Details on the cache effects.

Currently we perform the following steps on recovery:

Read the snapshot, create tuples in PK order and put them into the PK build array to perform fast tree build.
Then we fill the SK build array with tuples in the same order as PK.
1. When we insert a tuple into the build array of the index with hints enabled we have to calculate the hints of the added tuple.
2. In order to calculate the hint we have to access the tuple data.
3. Since the tuples are loaded in PK order, they're located in memory sequentially in this order.
4. So when we insert tuples into SK build array in PK order, we traverse the memory in one direction to calculate hints and have the CPU prefetcher reduce the amount of cache misses.
5. Only after that we do tt_sort to reorder the array the way it should be in SK.

But if we use the new approach, we insert the index data into the build array right in SK order. That means, since the tuples are located in memory in PK order, in order to calculate hint of each tuple inserted into the SK, we need a lot of random memory accesses. This destructs the gain we've received for O(n) build array generation: in our PoC we had 10 seconds wasted in a single data load instruction.

So the approach is useless for indexes with hints unless we save the hints in the same index file, so we don't have to calculate them in runtime.

Extra: multikey indexes

The multikey indexes have the same problem since we have to access the tuple data in order to decide if we should include a particular copy of the tuple into the index (due to the exclude_null option), but also, the hints are required to specify to tuple order in the index (the tuple pointer by itself does not give the information about which multikey member of the tuple is meant to be located here). So the multikey hints are to be saved in the sort data files too.

Extra: functional keys

Here we have the same problem as for multikey and regular indexes with hints, but this one does not seem to have a solution, so let's totally disable the feature for functional indexes.

Summary: the data to be stored

8 bytes per tuple in PK (tuple pointers in index order).
8/16 bytes per tuple in Sks (tuple pointers along with hints if enabled).

Implementation details

Here's the proposed sequence of events:

On initial recovery: start building the old to new tuple addresses map by reading the PK sort data during recovery.
On final recovery: build all indexes with the feature enabled and the sort data existing and proceed the recovery.
Replace in both PK and all indexes that had been loaded the new way until recovery is complete.
Once the recovery is complete we build other SKs as before.

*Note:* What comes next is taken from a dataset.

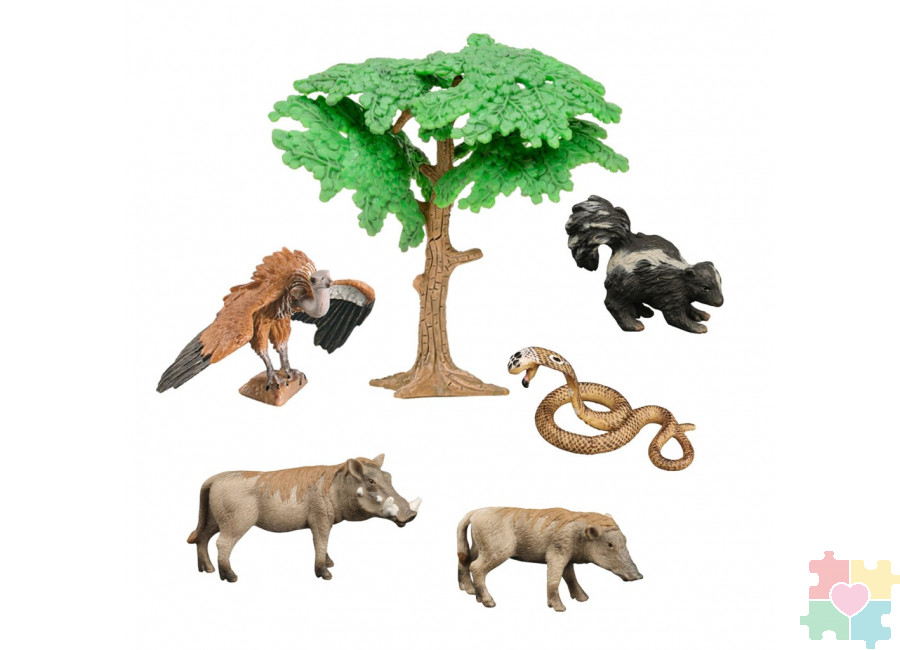 Набор фигурок животных серии "Мир диких животных": скунс, 2 бородавочника, змея, стервятник (набор из 6 фигурок)

The sort data must only be used on non-system spaces if the they have no before_replace triggers and no force_recovery specified (system spaces are less likely to benefit from it). Also, it can only be safely used during recovery if the _index space has no before_replace triggers registered, cause in the opposite case it could change the index we saved sort data for so that the data is not applicable to it anymore.

The storage

Let's store the sort data (a binary sequence of 8-byte pointers[ and hints]) in the <vclock_signature>.sortdata file. The file is created along with the regular snapshot file in memtx_engine_begin_checkpoint, but only for TREE index. The structure:

SORTDATA\n
1\n
Version: 3.4.0-entrypoint-138-ge86fc856f3\n
Instance: 7d10aabd-ebd9-47e5-a889-79b691c9d2a7\n
Entries: 2\n
512/0: 0x0000000000000041, 0x0000000000003000, 00000000000000001536\n
512/1: 0x0000000000003041, 0x0000000000006000, 00000000000000001536\n
\n
<the sort data of specified offsets>

More thorougly:

The first line is the file magic, specifying the file format.
The second one is the format version used (as it is the case for XLOG files).
The next ones are similar to "Version" and "Instance" in XLOG files.
The "Entries" key specifies the amount of keys specifying the sort data properties after it.
The next keys specify (space, index) sort data's (offset, size, tuple count) specifiers. This line is meant to be extensible by new tags, like 512/1: 0x0000000000000041, 0x0000000000000526, 00000000000000001536, gz, 0x0000000000003000\n to specify e. g. the compression algorithm and the original size.
The empty line is the end of keys.

Alternativs considered.

Save the information in the snapshot file metadata: this way we're limited by the max metadata header size, which is pretty small (~2KB as for ef3775a).
Save the information as one of entries in the snapshot file: we can't create a new fixheader type since it's strictly checked. A new request type can't be used in it either, cause memtx only accepts inserts (along with RAFT stuff) there.
A system blackhole space.

The idea is to insert the information into a system blackhole space in the end of the snapshot. If the snapshot does not contain the space, then the recovery is performed the old way (compatibility with old snapshots). Don't write the space on box.snapshot() after the downgrade (for backward compatibility). The blackhole space tuple format:

Field type Description

MP_BOOL Set to true if the tuple is the last one for the given index.

MP_UINT Space ID.

MP_UINT Index ID.

MP_STRING The sort data chunk.

The SK sort data of a particular index consists of a number of such tuples, this is required to reduce the tuple arena usage. Last of the tuples has the is_last flag set to true to mark the point where the index has all the information required and can be built using the new approach.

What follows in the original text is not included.